Our Johnny is the Only One Dancing in Time: Chapter 7
An occasional series of possibly true scenes from a perfectly normal life. Let's call it faction.
Chapter 7: Adventures on the Wheels of Steel
(Want to read previous chapters first? Links at the bottom)
We are giggling in the cubicle when the opening of the main door to the toilet briefly allows the distant sounds emanating from the wedding reception we have abandoned upstairs to filter through. We both look at each other.
“That’s not….?” says the Music Store Owner
“It fucking is!” I declare.
The chugging blues riff of Hawkwind’s Silver Machine is now in full flow above us.
“It’s an electric line, to your zodiac sign” sings Lemmy.
“Get that fucking thing off!” we both respond.

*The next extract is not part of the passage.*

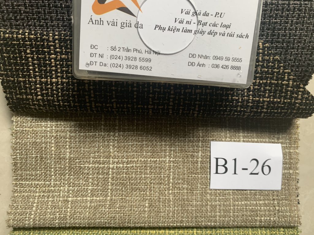 Vải nỉ B1-26 thuộc bộ sưu tập mẫu vải nỉ B1 gồm 37 màu. Đây là sản phẩm có màu như hình, thân thiện và khá đẹp mắt, được ứng dụng nhiều trong các sản phẩm nội thất như ghế sofa… Mẫu vải B1 là sản phẩm vải thô cao cấp, từng sợi vải được dệt chuẩn chỉ, xen kẽ, đan khít vào nhau tạo nên sản phẩm chất lượng.

We bolt out of the door and hurtle up the stairs. The Keyboard Policeman, to whom we have entrusted temporary ownership of the decks, speakers, and lights which make up our latest business venture has magically introduced a new box of records into our carefully planned mix. Poking from the top of this selection is the sleeve for the aforementioned trip on a magical surfboard with Lemmy and his chums which is currently entertaining exactly one person out of the 300 invited wedding guests, that person being the Keyboard Policeman. As we rush towards the decks to remove it, we can already see that he has lined up his next crowd-pleaser.
“Do you want to ride, see yourself going by?” Lemmy asks. Judging by the looks on the faces of the Bride and Groom, they don’t seem keen.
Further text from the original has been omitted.